[Records for this task Boundary: Start]
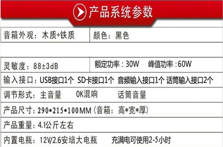 特别适用于门店、门市促销播放广告、商场、超市促销、户外演出、户外娱乐,广场晨练、教学讲座、论坛、会议、户外舞蹈等等........功能强大,一机多用,适用广范,您值得拥有!
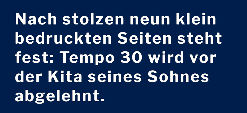 Lange vor SUPERBÜTTEL, begann Fabian sich ebenfalls mit diesen Straßen zu beschäftigen. Damals ging sein Sohn in eine der Kitas. Für den engagierten Vater war schnell klar, dass der viel zu schnell vorbeirauschende Verkehr verlangsamt werden muss. Er beschloss im März 2017, den vom adfc vorgeschlagenen Weg über Lärmschutz und Luftverschmutzung zu gehen, um das Ziel, Tempo 30 einzuführen, zu erreichen. Damals waren dies die einzigen Hebel, die es gab, solange nicht mindestens ein Mensch an exakt diesen Orten durch einen Unfall ums Leben gekommen war. Es klingt zynisch, doch erst dann liegt eine erhöhte Gefährdungslage vor. 2019 klagte er schließlich vor dem Verwaltungsgericht, da ihn die Ablehnungsgründe nicht überzeugten. Sieben Jahre später – im Jahr 2024 hat sein Sohn längst nicht nur die Kita, sondern auch die Grundschule verlassen – fand man wohl doch noch ein paar Tempo 30-Schilder und diese wurden (zusätzlich zu einigen wenigen bereits im Jahr zuvor eingerichteten Tempo 30-Teilbereichen) endlich aufgestellt. Sieben Jahre, in denen man unglaublich viel lernen konnte, wie das in Hamburg funktioniert, das Zusammen- oder besser, das Nicht-Zusammenspiel aus Politik, Verwaltung und Polizei. Letztere ist in dieser Stadt nicht nur für die Einhaltung der Verkehrsregeln, sondern auch für deren Anordnung zuständig. Und eben auch sieben Jahre, die trotzdem nicht reichen, um auch die letzte Kita am Langenfelder Damm, die „Kita Langenfelder Damm“ in gleichnamiger Straße Nummer 97, an der die Autos wie eh und je ungebremst vorbeirasen dürfen, einzubeziehen. Dass das so ist, hat einen Grund: die Tür.
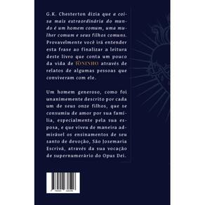 G.K. Chesterton dizia que a coisa mais extraordinária do mundo é um homem comum, uma mulher comum e seus filhos comuns. Provavelmente você irá entender esta frase ao finalizar a leitura deste livro que conta um pouco da vida de Toninho através de relatos de algumas pessoas que conviveram com ele. Um homem generoso, como foi unanimemente descrito por cada um de seus onze filhos, que se consumiu de amor por sua família, especialmente pela sua esposa, e que viveu de maneira admirável os ensinamentos de seu santo de devoção, São Josemaria Escrivá, através da sua vocação de supernumerário do Opus Dei. Marca: Editora Tesouros Católicos
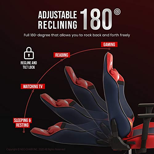 MÁS QUE UNA SILLA PARA JUEGOS 180 grados Reclinable y bloqueado (también conocido como Can you do this). 90 grados trabajando 130 grados descansando 160 grados viendo una película. Silla de oficina reclinable para dormir 180 grados . Función de inclinación y bloqueo para esta silla ergonómica de oficina. Fácil ajuste con palanca conveniente! ¡Disfruta jugando con la silla reclinable para juegos!
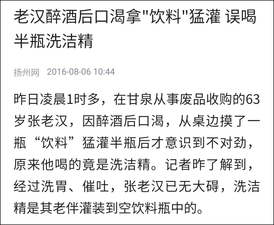 畢竟,在以往的社會新聞中,誤喝洗潔精反而是需要催吐,甚至是要去醫院洗胃治療的。
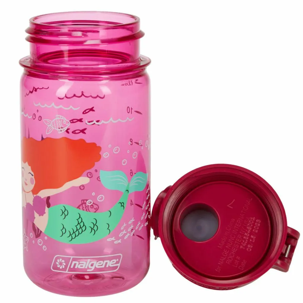 Der Verschluss der OTF ist auslaufsicher und kann mit einem kleinen Drahtbügel gesichert werden. Wird dieser nach unten geklappt, genügt ein leichter Druck auf das Nalgene-Logo, um den Deckel zu öffnen. Am Henkel kannst du die Kinderflasche bequem tragen oder am Rucksack mit einem Karabiner sichern.
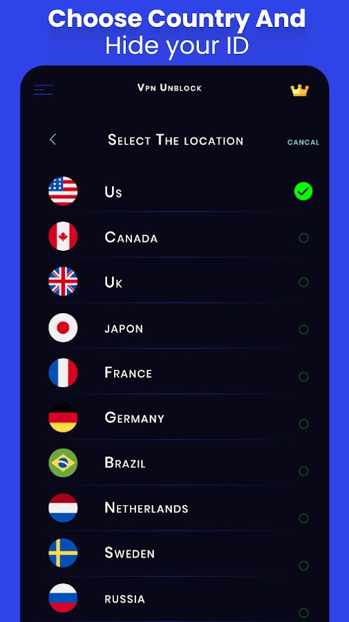 БЕСПЛАТНЫЙ VPN — лучший безлимитный VPN-прокси для Android. Шифруя ваш интернет-трафик, Super VPN защищает вашу конфиденциальность и позволяет вам безопасно и анонимно путешествовать по сети. вы больше никогда не будете связываться с запутанными меню настроек и опций, просто включите их один раз и забудьте об этом.
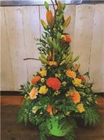 Photo non contractuelle | 🌿Coussin Conique « Soleil d’Automne » Le coussin conique « Soleil d’Automne » est une composition en hauteur aux tons orangés et jaunes, idéale pour un hommage élégant et lumineux lors d’une cérémonie funéraire.
[Records for this task Boundary: End]
What you will do - Copy the lines above exactly, starting with the line that contains "MÁS QUE UNA" and ending with the line that contains "БЕСПЛАТНЫЙ VPN —", and leave out any pictures.

Response to this exercise -
 MÁS QUE UNA SILLA PARA JUEGOS 180 grados Reclinable y bloqueado (también conocido como Can you do this). 90 grados trabajando 130 grados descansando 160 grados viendo una película. Silla de oficina reclinable para dormir 180 grados . Función de inclinación y bloqueo para esta silla ergonómica de oficina. Fácil ajuste con palanca conveniente! ¡Disfruta jugando con la silla reclinable para juegos!
 畢竟,在以往的社會新聞中,誤喝洗潔精反而是需要催吐,甚至是要去醫院洗胃治療的。
 Der Verschluss der OTF ist auslaufsicher und kann mit einem kleinen Drahtbügel gesichert werden. Wird dieser nach unten geklappt, genügt ein leichter Druck auf das Nalgene-Logo, um den Deckel zu öffnen. Am Henkel kannst du die Kinderflasche bequem tragen oder am Rucksack mit einem Karabiner sichern.
 БЕСПЛАТНЫЙ VPN — лучший безлимитный VPN-прокси для Android. Шифруя ваш интернет-трафик, Super VPN защищает вашу конфиденциальность и позволяет вам безопасно и анонимно путешествовать по сети. вы больше никогда не будете связываться с запутанными меню настроек и опций, просто включите их один раз и забудьте об этом.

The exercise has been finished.